Hope their CEO Kenneth Lewis has a really good reason for that.

The sub-prime mortgage crises has already taken a big toll on the jittery financial market. The domino effect in a way was spear headed by Bear Stearns, soon the Feds set in to stabilize the market by taking over Freddie Mac & Fannie Mae, now its the turn of Lehman Brothers and Merrill Lynch to take the infamous center stage.

There's no telling what more is in store in the coming weeks. Keep your fingers crossed.

--Editorial by George Lazar

Monday, July 28, 2008

CONSUMER WOES: Bank of America nightmare

Chris Hooley lost his wallet and canceled his Bank of America debit card immediately. Canceling his debit card should have let Bank of America know to freeze his account. However, the bank allegedly sat back as an identity thief withdrew $40,000 dollars from Hooley's account in a single day.

According to his blog here, Bank of America didn't even have a clue of what was happening. Hooley only noticed the massive withdrawals after the identity thief was arrested at Best Buy, trying to purchase multiple computers.

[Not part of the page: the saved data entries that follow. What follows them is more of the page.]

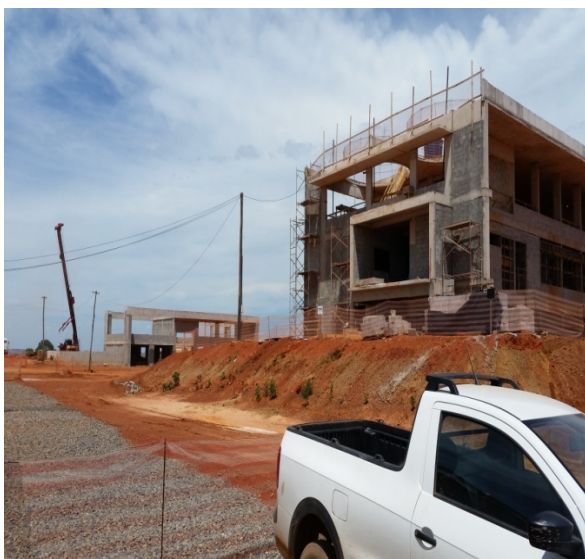
Foto 13 - ETA - Prédio Administração e início área Casa de Química -31/03 e 1º/04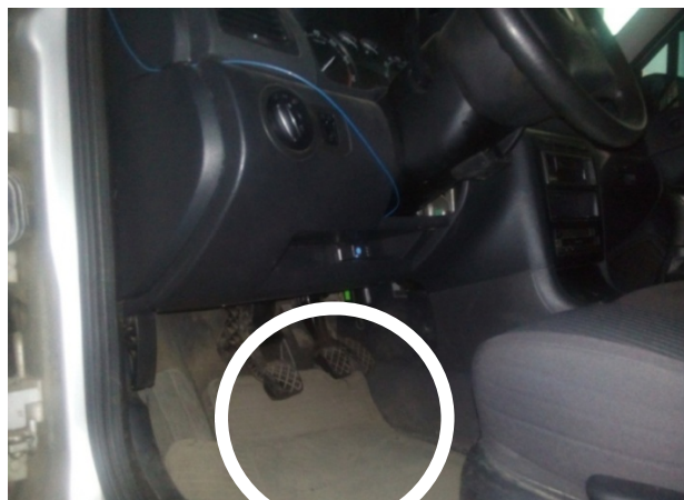
Рис. 1. Підключення OBD-сканера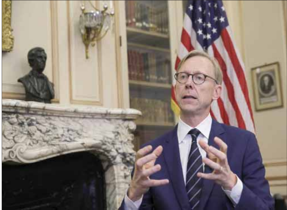
برايان هوك المبعوث الأميركي الخاص بإيران في السفارة الأميركية بباريس أمس

ولا سيما من قبل الدول الأوروبية. إذا توافر هامش المناورة للرئيس ماكرون الذي اتصل به روحاني قبل سفره إلى اليابان، فإنه قد يكون قادراً على طرح بعض الأفكار التي من شأنها ليس إيجاد حلول لهذه المشكلة الشائكة حيث إن الأطراف الأوروبية واقعة بين المطرقة الأميركية والسندان الإيراني، بل «تهدة الوضع»، ووقف السير نحو مزيد من التصعيد، وفق ما قالته مصادر أوروبية لـ«الشرق الأوسط»، على أن تكون هذه المرحلة الأولى التي ستسحقها مراحل أخرى. ونقلت «رويترز» من اليابان أن ماكرون، خلال الرحلة التي أقلتته بالطيران من طوكيو إلى مدينة كيوتو اليابانية، أعلن أنه «ستطرح إلى إقناع ترمب بأن استئناف العملية التفاوضية يصب في مصلحته، وبالتراجع عن بعض العقوبات إعطاء فرصة للتفاوض». وأضاف ماكرون أن قبوله اقتراحه يعني «لنأخذنا سطر أنفسنا بضعة أشهر لنحدد مسار التفاوض». وإذا صح الخبر الذي نقل، أمس، من فيينا، وقوامه أن تهديد إيران بتخطي سقف 3000 كلغ من اليورانيوم ضعيف التخصص، وهو ما يمنح إيهاها الاتفاق النووي، لم يبدأ العمل بتنفيذه، فهذا يمكن فهمه على أنه «إشارة تهدئة»، وورقة تفرها طهران للرئيس ماكرون، كبادرة «حسن نية»، وتعتبر المصدر الأوروبي أن الأخير يريد من طهران أن «تجهد» أو تؤخر تنفيذ تهديداتها بالانتقال بالتخصيب إلى ما فوق نسبة 3,67% في المائة وإعادة العمل بمصنع «أراك» للمياه الثقيلة وهو الإنذار الذي سبق لها أن وجهته إلى الأوروبيين الذين تتهمهم بعدم تنفيذ الوعود التي أعطاها على إيران.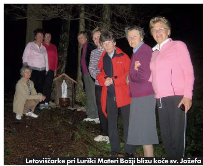
Letoviščarke pri Lurški Materi Božji blizu koč sv. Jožefa

Kljub nestanovitnemu vremenu so se tudi letos odločile poročati k Mariji na Svete Višarje. Ker jim je spomladanska utrujenost odzrla moči, se k Višarski Materi niso povzpele peš, ampak z žičnico. V višarski cerkvi, na stičišču treh narodov, so začutile tisto blagodejno pomirjenost, ki jo zna v srca vlti le Božja bližina. Ukve so jih zvalile na kratak izlet na ogled prenovljene cerkve in hiš, ki jih je pred nekaj leti tako močno prizadela povodenj ob velikem deževju. Zaradi muhastega vremena so najraje hodile na krajše sprehode in se ob večernih urah pomudile pod bližnjimi smrekami, pri kipu Lurške Marije, ki ji je leseno ostrešje naredil oskrbnik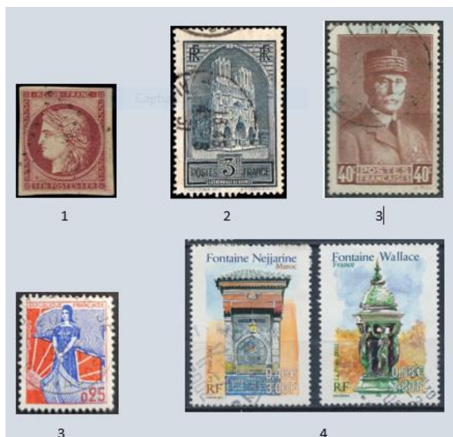
(1) le premier timbre en francs (franc germinal, 1849) – (2) période du franc Poincaré (1929) – (3) période Etat français (1940) – (4) l'un des premiers timbres en nouveaux francs (Marianne à la nef, 1960) – (4) les derniers timbres en francs avec valeurs en francs et en euros (2001).

C'est donc naturellement en France qu'apparaît pour la première fois la mention du franc (appelé alors franc germinal) sur un timbre-poste le premier janvier 1849. Il s'agit du 1 franc carmin de type Cérès qui est accompagné par le 20 centimes noir. Par la suite,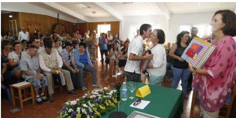
Un momento de la fiesta anual de la asociación 'Una ciudad para todos'.

El acto continuó con la proyección de un vídeo resumen del año, que sembró las risas entre los usuarios, y la entrega de los trabajos realizados durante el curso. Todos ellos concluyeron la fiesta con una animada merienda que puso la guinda a un acto en el que se confirmó la gran labor social de la asociación.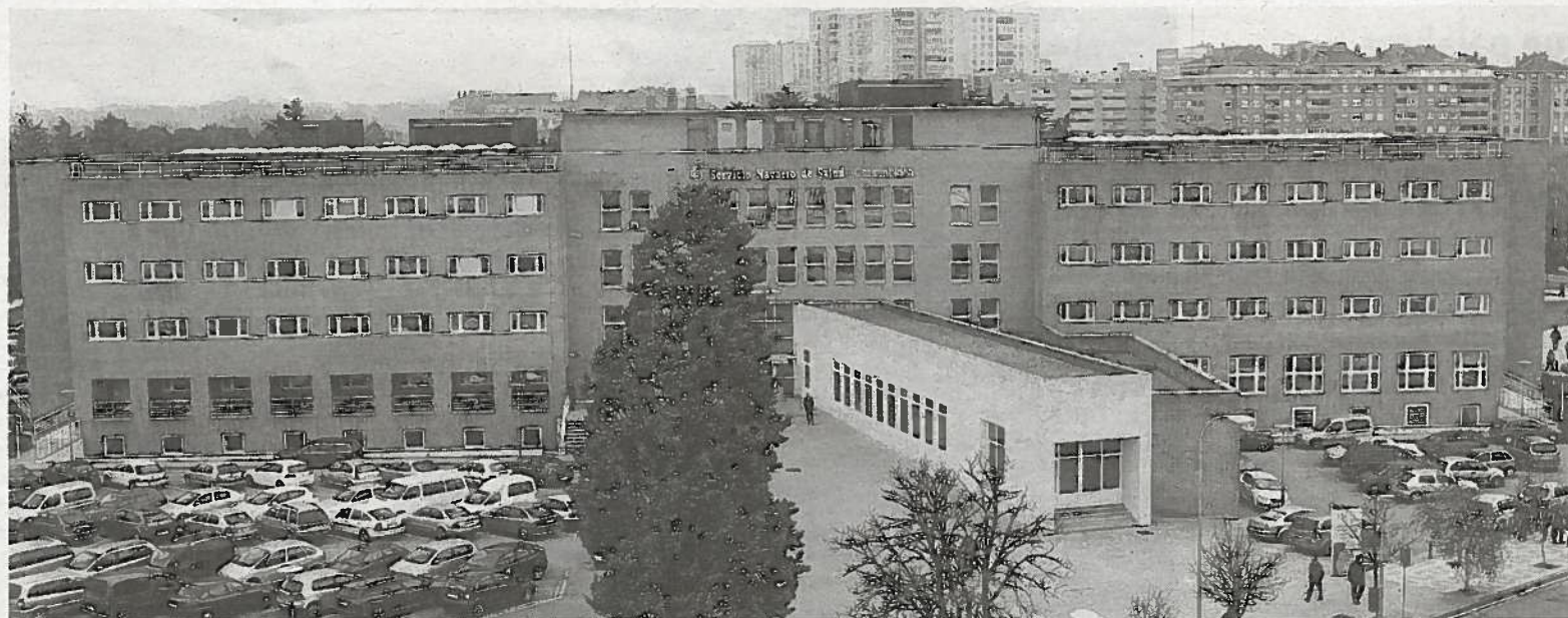
Edificio de consultas externas Príncipe de Viana.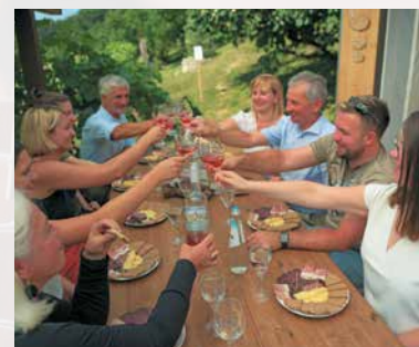
Weinprobe im Weinberg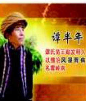
谭三 谭氏苗王贴发明人 九代祖传 祛风湿骨痛 名震神州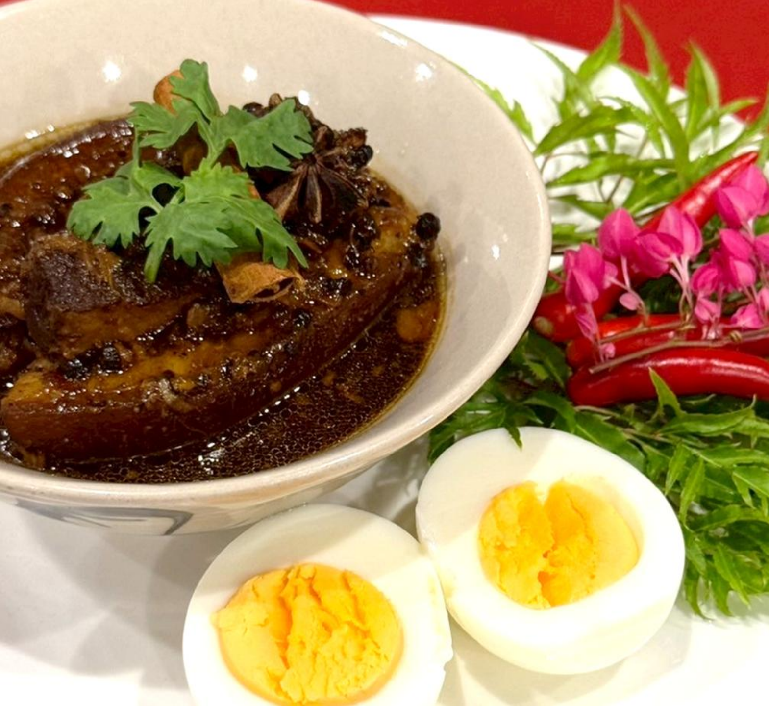
★ 259 Phuket 6-hr-stewed pork หมูฮ้อง 炖6小时的猪肉浓汤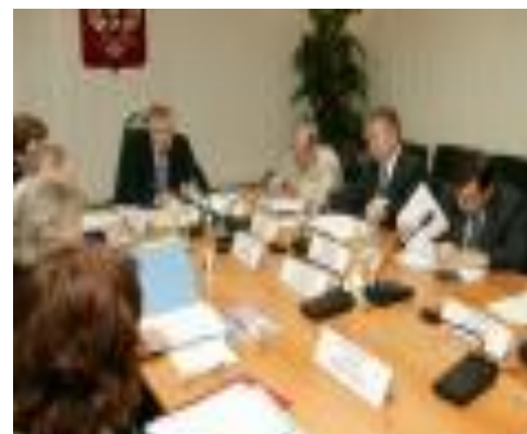
Официальная сфера, законодательство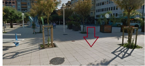
P02: Alderdi Eder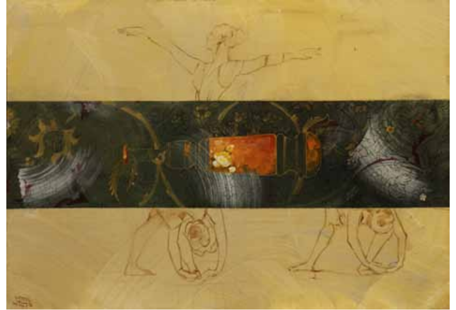
دگا! کمی کشیده‌تر | ۱۳۹۶ | اکریلیک روی بوم | ۷۰×۱۰۰cm

Femme Fatale | 2017 | Acrylic on canvas | 140×100cm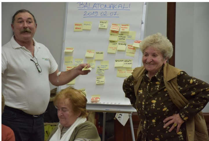
1. kép: Közösségi beszélgetés Balatonakaliban 2019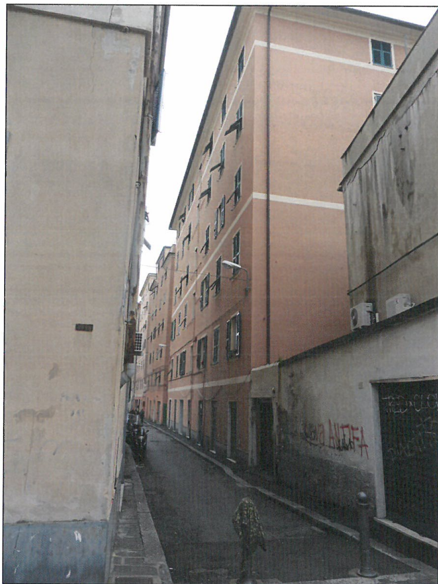
PROSPETTI SU VIA ALBINI E NORD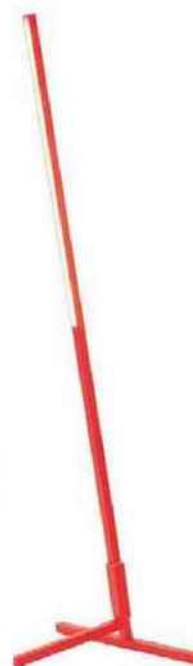
TRAIT DE LUMIÈRE Luminaire en aluminium laqué, design Studio 5.5. Vertical Torch Sutra (256 x 54 x 38 cm), à partir de 340 €, Ego.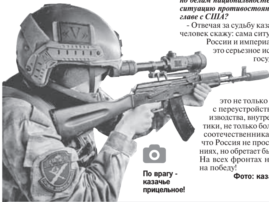
По врагу - казачье прицельное!

Фото: казачий добровольческий отряд «Терек».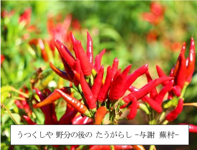
うつくしや 野分の後の たうがらし -与謝 蕪村-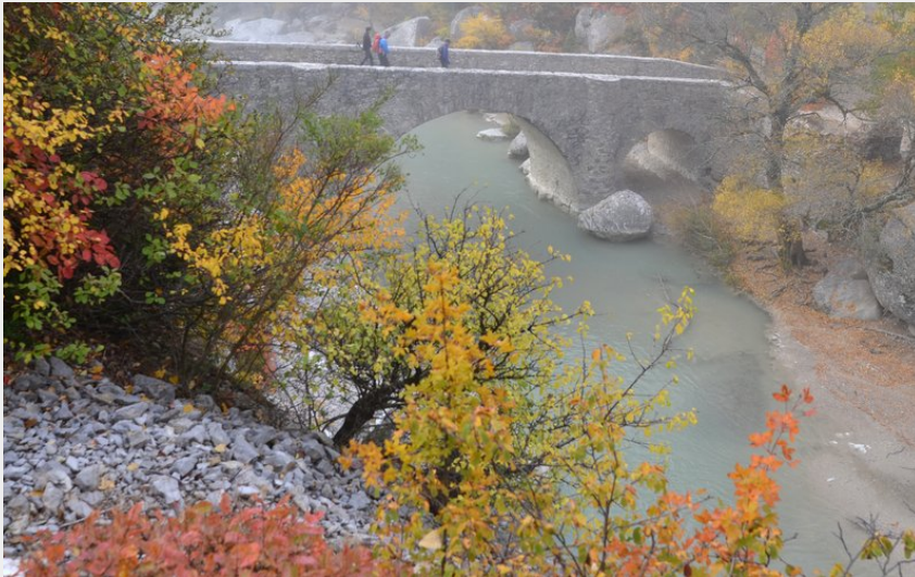
Crédit photo : Les Gorges de la Méouge à l'automne (Mairie de Val Buëch Méouge)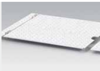
Scharnierende afdekplaten voor de rollensets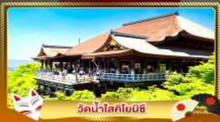
วัดน้ำใสโยมิชิ

ชมงานประดับไฟสุดอลังการ นานาเนะ โนะ ซาโตะ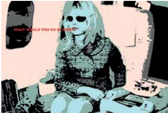
Anne-Mie van Kerckhoven, What would you do in Orbit?, 1964, Siebdruck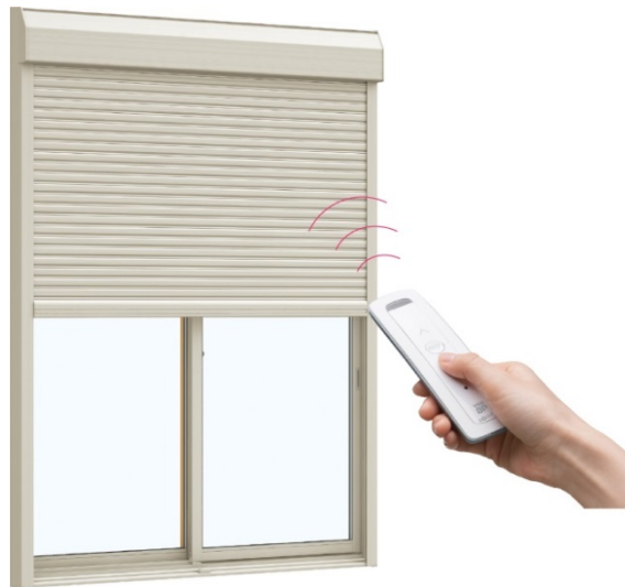
（実際は室内でのリモコン操作です。）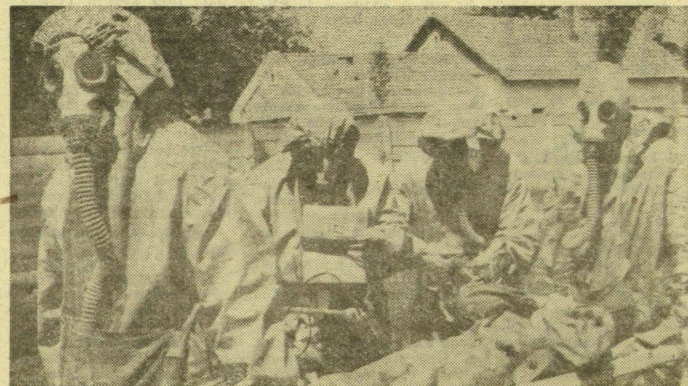
Jól képzett és felszerelt PV vegyvédelmi raj gyakorlat a Szenteseen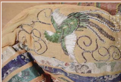
収蔵展「文様の世界～生活の中の美～」は2月9日から5月11日まで開催しています

伝統的な文様には、もともと意味があるといわれていますが、歴史博物館所蔵の雛人形に見られる文様にも意味があります。写真は女雛の衣装に施された鳳凰の文様です。中国では皇帝の象徴が龍であるのに対し、鳳凰は皇后の象徴とされました。鳳凰は鳳がオスで凰がメスの鳥。名君が現れたときに姿を現し、「相飛び相鳴けば天下泰平の世が訪れる」といわれたことから、皇后の象徴となったと伝えられています。このような意味がある鳳凰の刺しゅうは、武家の雛人形にふさわしい文様といえます。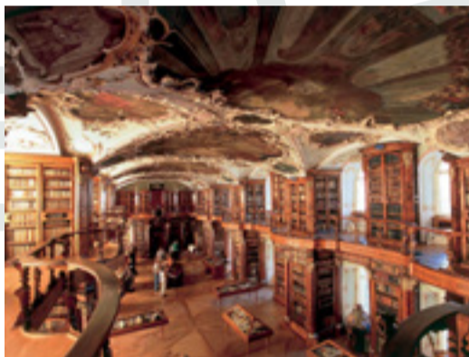
Biblioteca della abbazia di San Gallo (Svizzera) che si dice abbia ispirato quella del romanzo "Il nome della rosa" di U. Eco

Non si può non essere catturati dal fascino degli scaffali di certi grandi archivi o delle biblioteche storiche o degli scaffali della fantasia narrativa come quelli straordinari della Biblioteca di Babele, del Nome della Rosa o di Mr. Ollivander della saga di Harry Potter.

Thankfully, Best Buy caught the thief red handed. As the identity thief attempted to use Hooley's card, Best Buy's register system sent an alert to the police. Luckily for Hooley, if a reported lost or stolen card is in use in the system, the police are alerted instantaneously.

Unfortunately, the thief managed to make five transactions with Hooley's account earlier in the day. The first two were deposits. Two checks were written and a large portion of the checks were less cash received, handing the thief a total of $12,500. The last three were withdrawals. One withdrawal was for $26,000 politely handed over from a Bank of America teller. The last was for $12,500, again left unnoticed.

Keep in mind all five transactions occured inside five different Bank of America centers.

Lesson learned? Watch your account activity and watch your wallet at all times ... especially if you have an account with Bank of America.